Datacast Episode 62: Leading Organizations Through Analytics Transformations with Gordon Wong
The 62nd episode of Datacast is my conversation with Gordon Wong — a data modeling fanatic, data warehouse architect, and multi-hyper-growth startup veteran and team builder.
Our wide-ranging conversation touches on his foray into the database world, his interest in consulting, the evolution of data warehousing and business intelligence platforms, how to choose data tooling vendors, what it means to be data-driven, effective collaboration for data teams, data “hierarchy of needs”, data for social impact, and much more.
Listen to the show on (1) Spotify, (2) Apple Podcasts, (3) Google Podcasts, (4) TuneIn, (5) RadioPublic, (6) Stitcher, (7) Breaker, and (8) iHeart Radio.
Key Takeaways
Here are highlights from my conversation with Gordon:
On Getting Into Database
Frankly, I got fortunate. I had degrees in Psychology and Philosophy and not a lot of jobs required those degrees back then. I ended up getting a job at a Geographical Information Systems (GIS) lab with a modest beginning — spending the first year doing data entry. This job was very repetitive, and I wanted to go faster. One day, I borrowed the DBA password and taught myself SQL to improve my entry rate. Learning SQL snowballed my career from there.
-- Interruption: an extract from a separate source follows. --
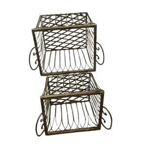 Vintage Wrought Iron Square Ornate Handles Basket Sage Green, Set Of 2

There are practical and emotional challenges dealing with impostor syndrome. With liberal arts degrees in a field that expects you to be technical, you can suffer the delusion that you do not know enough. For many years, I had the intention to go back to school and get that technical degree. But at some point, I realized that the technology was not the thing that holds me back, but more so how I apply the technology.
On Consulting
Consulting seemed challenging to me: how do I learn in a new environment, define a problem, and be successful in a short period of time?
AB Initio Software was a self-funded company with a great customer base and some of the smartest/talented people I have met. They had a maniacal focus on customer success and solving problems at the fundamental level. These are two things that appeal to me.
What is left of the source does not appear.